Task statement:
The answer should be the records below, word for word, with every image left out.

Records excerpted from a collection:
^^^^

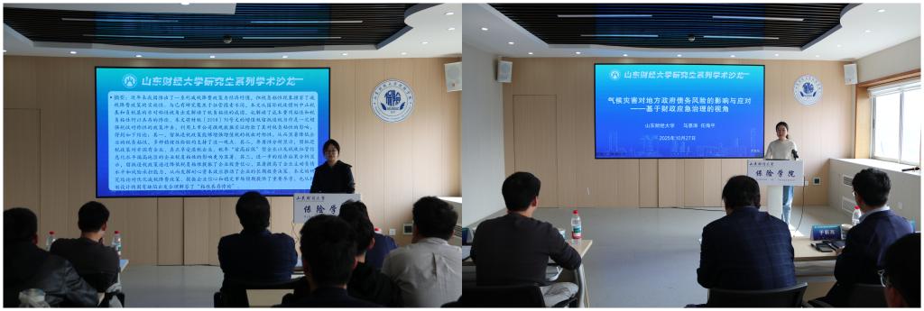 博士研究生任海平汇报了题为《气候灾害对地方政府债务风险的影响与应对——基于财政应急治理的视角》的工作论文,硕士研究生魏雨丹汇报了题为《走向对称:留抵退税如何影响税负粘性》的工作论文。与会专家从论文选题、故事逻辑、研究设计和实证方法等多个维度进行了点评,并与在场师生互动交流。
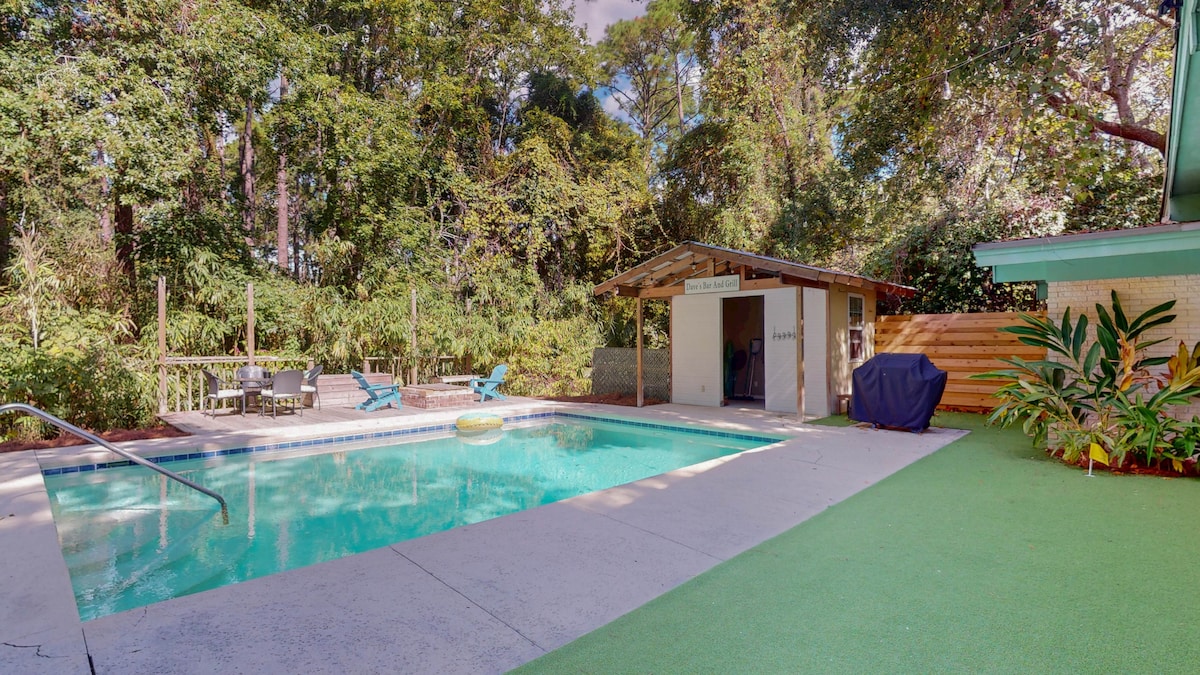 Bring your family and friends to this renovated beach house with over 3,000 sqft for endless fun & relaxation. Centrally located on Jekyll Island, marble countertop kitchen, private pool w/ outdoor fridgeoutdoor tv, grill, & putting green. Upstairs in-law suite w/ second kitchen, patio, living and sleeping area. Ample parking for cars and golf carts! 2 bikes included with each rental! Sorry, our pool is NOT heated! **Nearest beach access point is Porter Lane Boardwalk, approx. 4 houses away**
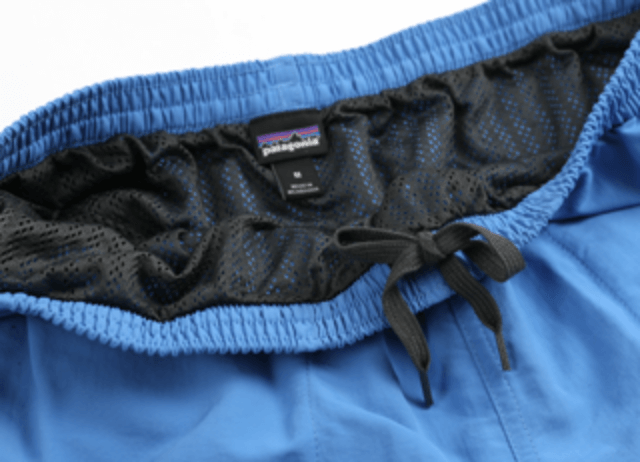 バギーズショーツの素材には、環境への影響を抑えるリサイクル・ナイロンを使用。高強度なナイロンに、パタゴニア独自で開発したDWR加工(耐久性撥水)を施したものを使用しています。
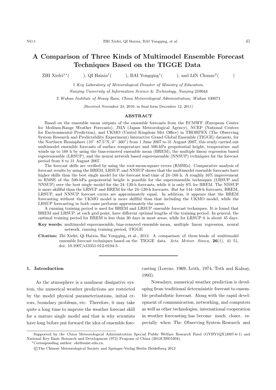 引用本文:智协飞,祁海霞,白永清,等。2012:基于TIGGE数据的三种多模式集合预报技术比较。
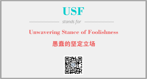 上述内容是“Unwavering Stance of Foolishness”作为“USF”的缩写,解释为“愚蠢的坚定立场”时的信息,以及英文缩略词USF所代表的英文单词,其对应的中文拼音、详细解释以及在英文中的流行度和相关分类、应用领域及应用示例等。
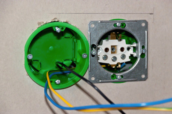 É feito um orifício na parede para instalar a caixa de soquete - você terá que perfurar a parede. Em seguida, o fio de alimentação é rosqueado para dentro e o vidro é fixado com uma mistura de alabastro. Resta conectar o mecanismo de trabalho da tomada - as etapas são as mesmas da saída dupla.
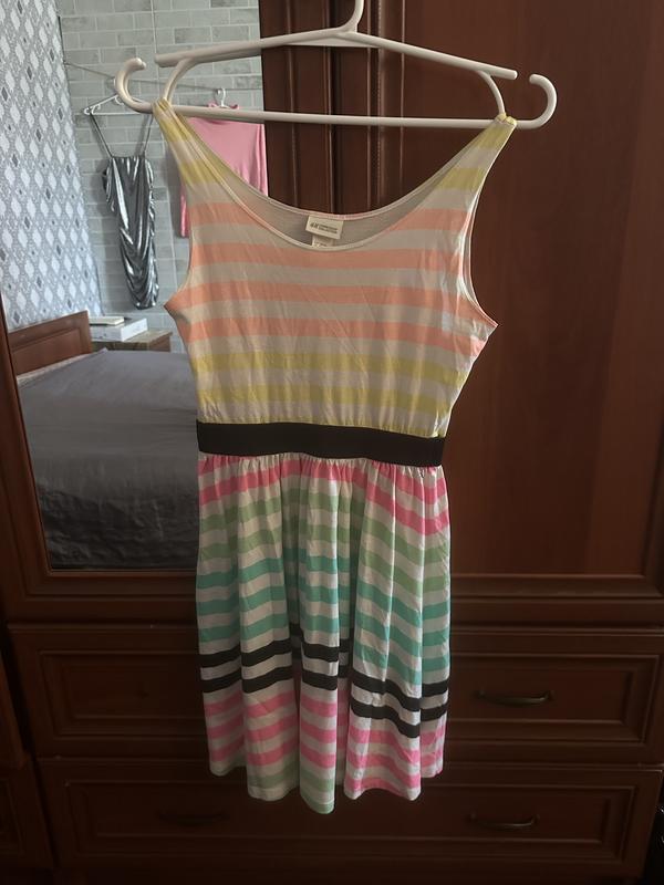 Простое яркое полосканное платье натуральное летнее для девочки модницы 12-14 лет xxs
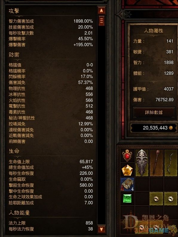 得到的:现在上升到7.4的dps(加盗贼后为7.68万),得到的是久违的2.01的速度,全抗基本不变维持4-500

^^^^

Exercise response:
 博士研究生任海平汇报了题为《气候灾害对地方政府债务风险的影响与应对——基于财政应急治理的视角》的工作论文,硕士研究生魏雨丹汇报了题为《走向对称:留抵退税如何影响税负粘性》的工作论文。与会专家从论文选题、故事逻辑、研究设计和实证方法等多个维度进行了点评,并与在场师生互动交流。
 Bring your family and friends to this renovated beach house with over 3,000 sqft for endless fun & relaxation. Centrally located on Jekyll Island, marble countertop kitchen, private pool w/ outdoor fridgeoutdoor tv, grill, & putting green. Upstairs in-law suite w/ second kitchen, patio, living and sleeping area. Ample parking for cars and golf carts! 2 bikes included with each rental! Sorry, our pool is NOT heated! **Nearest beach access point is Porter Lane Boardwalk, approx. 4 houses away**
 バギーズショーツの素材には、環境への影響を抑えるリサイクル・ナイロンを使用。高強度なナイロンに、パタゴニア独自で開発したDWR加工(耐久性撥水)を施したものを使用しています。
 引用本文:智协飞,祁海霞,白永清,等。2012:基于TIGGE数据的三种多模式集合预报技术比较。
 上述内容是“Unwavering Stance of Foolishness”作为“USF”的缩写,解释为“愚蠢的坚定立场”时的信息,以及英文缩略词USF所代表的英文单词,其对应的中文拼音、详细解释以及在英文中的流行度和相关分类、应用领域及应用示例等。
 É feito um orifício na parede para instalar a caixa de soquete - você terá que perfurar a parede. Em seguida, o fio de alimentação é rosqueado para dentro e o vidro é fixado com uma mistura de alabastro. Resta conectar o mecanismo de trabalho da tomada - as etapas são as mesmas da saída dupla.
 Простое яркое полосканное платье натуральное летнее для девочки модницы 12-14 лет xxs
 得到的:现在上升到7.4的dps(加盗贼后为7.68万),得到的是久违的2.01的速度,全抗基本不变维持4-500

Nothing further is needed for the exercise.